We conduct the Axiom AI Maturity Assessment across five dimensions, Strategy, Data Readiness, Technology, People & Culture, and AI Agent Readiness, producing a scored, benchmarked baseline.

Why this matters

You cannot build a roadmap without a baseline. The maturity score tells you where you actually are, not where you aspire to be. It identifies the bottleneck dimension: the single lowest-scoring area that constrains everything else.

What it produces

  • Axiom AI Maturity Score (overall and per dimension)
  • Benchmarked positioning (industry reference)
  • Bottleneck identification
  • Scored baseline for roadmap measurement

A

Architect

Roadmap & Blueprint

What we do

We design the AI strategy and implementation roadmap. Every initiative is prioritised by business impact and feasibility. We define governance structures, data requirements, and deliver a clear blueprint.

Why this matters

Strategy without architecture is intention. Architecture without strategy is infrastructure for the wrong outcome. Architect connects the two: every initiative in the roadmap has a defined business case, a data requirement, a governance consideration, and a measurable outcome.

What it produces

  • AI initiative roadmap (3 to 12 months)
  • Business case for each priority initiative
  • Build vs buy framework
  • Data requirements per initiative
  • Governance and risk framework
  • KPI framework defined pre-build

R

Realise

Value & Measurable ROI

What we do

We execute.
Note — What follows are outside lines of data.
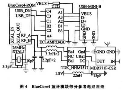 PC主機使用USB接口和BlueCore4藍(lán)牙模塊連接,對應(yīng)的藍(lán)牙模塊同樣通過USB接口和S3C2440A的USB-HOST接口進(jìn)行連接。USB接口具有即插即用的優(yōu)點。通過Linux操作系統(tǒng)的支持,該模塊還可以使用通用的USB藍(lán)牙適配器替代。BlueCore4藍(lán)牙模塊部分參考電路原理如圖4所示。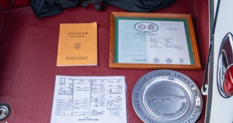 - Marque : Jaguar - Modèle : XK150s - Couleur extérieure : Crème - Couleur intérieure : Rouge - Transmission : Manuelle - Moteur : 3.4L inline-six - Carburateurs : Triples - Traction : RWD - Kilométrage : 2 206 miles - État : Restauration documentée (2022-2025) avec plus de 30 000$ en travaux mécaniques et esthétiques. Provenance : Missouri. Disponibilité : environ 7 semaines, clés en main. 109 000 € tout compris (importation, taxes, procédure d'immatriculation). Annonce publiée le 10/12/2025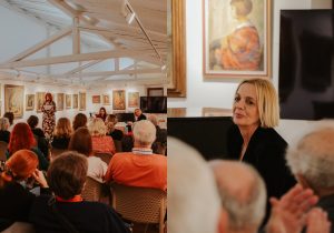 Publika je imala priliku čuti više o autorici, njezinu stvaralaštvu, prijevodima njenih knjiga na strane jezike, životu pisaca u Hrvatskoj, kao i o motivima, inspiraciji i procesu pisanja. U fokusu razgovora bile su dvije nove knjige Marine Vujčić – 365 rečenica koja u kratkim, misaonim svakodnevnim zapisima oblikuje svojevrsni književni kalendar života i dokazuje da „jedna rečenica dnevno može spasiti dan, pa i glavu“ te roman Sigurna kuća, snažan psihološki roman o ženi koja je ubila „savršenog“ muža, potresna priča o skrivenom, tihom nasilju koje žene trpe iza zatvorenih vrata. Autorica je otkrila kako je u jednom trenutku gotovo odustala od pisanja ovog zahtjevnog djela – sve dok je jedan televizijski prilog nije potaknuo da „odustane od odustajanja”… Posebno zanimljiv dio večeri bio je razgovor o kazališnoj adaptaciji ovog dojmljivog romana, premijerno izvedenoj u zagrebačkom kazalištu Gavella prije nekoliko dana.

Whether through automation, agentic system deployment, training programmes, or embedded advisory, we implement, track ROI, drive adoption, and optimise for sustained business outcomes.

Why this matters

Most AI strategies fail at this stage, not because the plan was wrong, but because execution was left to teams without the capability or mandate to deliver it. Realise means Axiom stays accountable through implementation, not just delivery of a document.

What it produces

  • Deployed AI systems, trained teams, or strategic advisory (depending on engagement type)
  • ROI measurement against KPI framework defined in Architect
  • Adoption tracking and optimisation
  • Continuous improvement recommendations

Why sequence matters

The three most common reasons AI strategy fails

  1. 01

    Built on the wrong foundation

    AI was deployed before data was governed. The system learned from bad data and produced unreliable outputs.

  2. 02

    Solved the wrong problem

    A technically impressive solution was built for a use case that was low priority or already handled adequately by existing tools.

  3. 03

    Skipped the baseline

    There was no maturity assessment, so there was no measurement framework. ROI could not be demonstrated because success was never defined.

CLEAR is designed to prevent all three.

Key principle

Intelligence supports people, it does not replace them.

Every CLEAR engagement preserves human authority at every decision point. AI surfaces recommendations. Humans make calls.